MathGroup Archive: February 2012 [00429]

[Date Index] [Thread Index] [Author Index]
Re: How best to implement a hash table in Mathematica
To: mathgroup at smc.vnet.net
Subject: [mg125119] Re: How best to implement a hash table in Mathematica
From: Leonid Shifrin <lshifr at gmail.com>
Date: Wed, 22 Feb 2012 05:32:33 -0500 (EST)
Delivered-to: l-mathgroup@mail-archive0.wolfram.com
References: <jho21j$5sb$1@smc.vnet.net>
Hi Joe,

I suspect that most of the time is spent it adding to sub-lists, rather
than hashing proper.
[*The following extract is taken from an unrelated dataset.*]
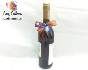 Moño personalizado fabricado con Listón tela Satín, sublimado frente con cualquier diseño y reverso con color solido, terminado con hilo resorte solo para colocar en botella o en regalos, medida final 9.5x5 cm

I suggest to use a DownValues-based hash-table with
linked lists, as follows.

Here is a linked list "API":


ClearAll[linkedList, toLinkedList, fromLinkedList, addToList, pop,
  emptyList];
SetAttributes[linkedList, HoldAllComplete];
toLinkedList[data_List] := Fold[linkedList, linkedList[], data];
fromLinkedList[ll_linkedList] :=
  List @@ Flatten[ll, Infinity, linkedList];
addToList[ll_, value_] := linkedList[ll, value];
pop[ll_] := Last@ll;
emptyList[] := linkedList[];

Here is a simplistic hash table constructor (I exploit the fact that you
don't have to delete
key-value pairs):


ClearAll[makeHash];
makeHash[] :=
  Module[{hash},
   hash[_] := emptyList[];
   hash /: add[hash, key_, value_] :=
    hash[key] = addToList[hash[key], value];
   hash /: get[hash, key_] := fromLinkedList@hash[key];
   Return[hash]];


Let's create a new hash table:

In[10]:= hash = makeHash[]
Out[10]= hash$777

Now, I will populate it with the words of built-in English dictionary, the
keys being first two letters of a word:

values = DictionaryLookup["*"];
keys = StringTake[#, Min[2, StringLength[#]]] & /@ values;

It takes only half a second to fill the hash table, on my machine:

In[14]:= (add[hash,##]&@@@Transpose[{keys,values}]);//Timing
Out[14]= {0.515,Null}

for 92518 words.

Here is how you make a lookup:

In[19]:= get[hash,"pr"]//Short
Out[19]//Short=
{practicabilities,practicability,practicable,practicably,<<1696>>,prussic,pry,prying}

You can also use the hash table from System`Utilities`. The following is an
analogous constructor based on that:

ClearAll[makeHashAlt];
makeHashAlt[] :=
  Module[{hash, innerHash},
   innerHash =  System`Utilities`HashTable[];
   hash /: add[hash, key_, value_] :=
    System`Utilities`HashTableAdd[innerHash, key,
     addToList[
      If[System`Utilities`HashTableContainsQ[innerHash, key],
       With[{res = System`Utilities`HashTableGet[innerHash, key]},
         System`Utilities`HashTableRemove[innerHash, key];
        res],
       (* else *)
       emptyList[]
       ],
      value]];
   hash /:
    get[hash, key_] /; !
      System`Utilities`HashTableContainsQ[innerHash, key] := {};
   hash /: get[hash, key_] :=
    fromLinkedList@System`Utilities`HashTableGet[innerHash, key];
   Return[hash]];

Create a new hash:

In[48]:= newhash = makeHashAlt[]
Out[48]= hash$1814

The performance will be slightly worse:

In[49]:= (add[newhash,##]&@@@Transpose[{keys,values}]);//Timing
Out[49]= {0.671,Null}

You can use it in the same way as the first version.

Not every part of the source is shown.